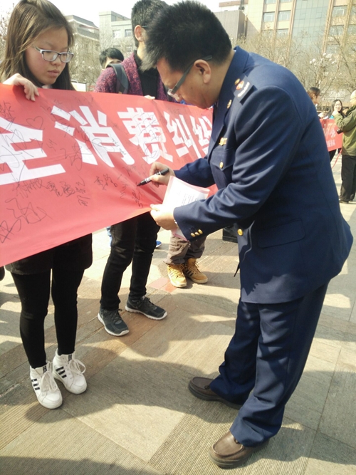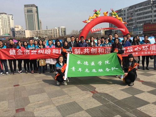 2016年3月15日,心理学系2014级第一志愿服务队在承德市中心广场举办了以“维权有据 消费安心”为主题的志愿者活动。心理学系辅导员陶佳雨以及心理学系第一志愿服务队全体成员参加了此次活动。 全体志愿者准时到达中心广场后,按照分组帮助承德市消费者协会的工作人员进行会场布置,维持会场秩序。活动开始,同学们向市民免费发放消费维权的宣传手册,并为市民进行讲解消费维权的相关知识,使市民了解最新的消费维权知识,更好地维护自身的利益。志愿者还组织了签名活动,得到了在场市民的积极反应。 此次志愿者活动中,志愿者们向市民宣传了维护消费者权益的相关知识,并为市民讲解消费维权的小技巧。本次活动为营造安全放心的消费环境做出了贡献。
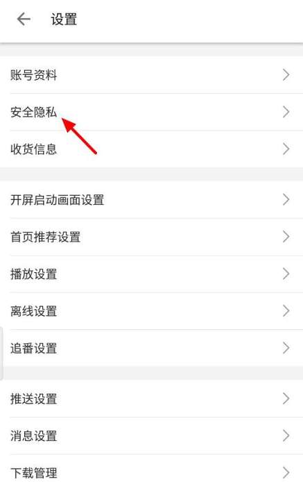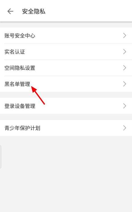 第四步:进入安全隐私页面后,点击【黑名单管理】;
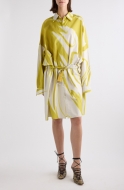 Dries Van Noten Dindi Print Belted Long Sleeve Cotton Poplin Shirtdress_Lime
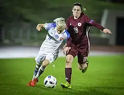 Hmírová is also a member of the Slovakia women's national football team.[13] By the time of her transfer to Spain in July 2022, she had accumulated 94 appearances for Slovakia, scoring 18 goals.[8] In October 2022, Hmírová made her 100th national team appearance, having scored 19 goals in the process.[9]
+-------+
▶ [ASSIGNMENT]:
What is needed is an exact copy of all the data, with no images in it.

▶ [COMPLETED EXERCISE]:
 2016年3月15日,心理学系2014级第一志愿服务队在承德市中心广场举办了以“维权有据 消费安心”为主题的志愿者活动。心理学系辅导员陶佳雨以及心理学系第一志愿服务队全体成员参加了此次活动。 全体志愿者准时到达中心广场后,按照分组帮助承德市消费者协会的工作人员进行会场布置,维持会场秩序。活动开始,同学们向市民免费发放消费维权的宣传手册,并为市民进行讲解消费维权的相关知识,使市民了解最新的消费维权知识,更好地维护自身的利益。志愿者还组织了签名活动,得到了在场市民的积极反应。 此次志愿者活动中,志愿者们向市民宣传了维护消费者权益的相关知识,并为市民讲解消费维权的小技巧。本次活动为营造安全放心的消费环境做出了贡献。
 第四步:进入安全隐私页面后,点击【黑名单管理】;
 Dries Van Noten Dindi Print Belted Long Sleeve Cotton Poplin Shirtdress_Lime
 Hmírová is also a member of the Slovakia women's national football team.[13] By the time of her transfer to Spain in July 2022, she had accumulated 94 appearances for Slovakia, scoring 18 goals.[8] In October 2022, Hmírová made her 100th national team appearance, having scored 19 goals in the process.[9]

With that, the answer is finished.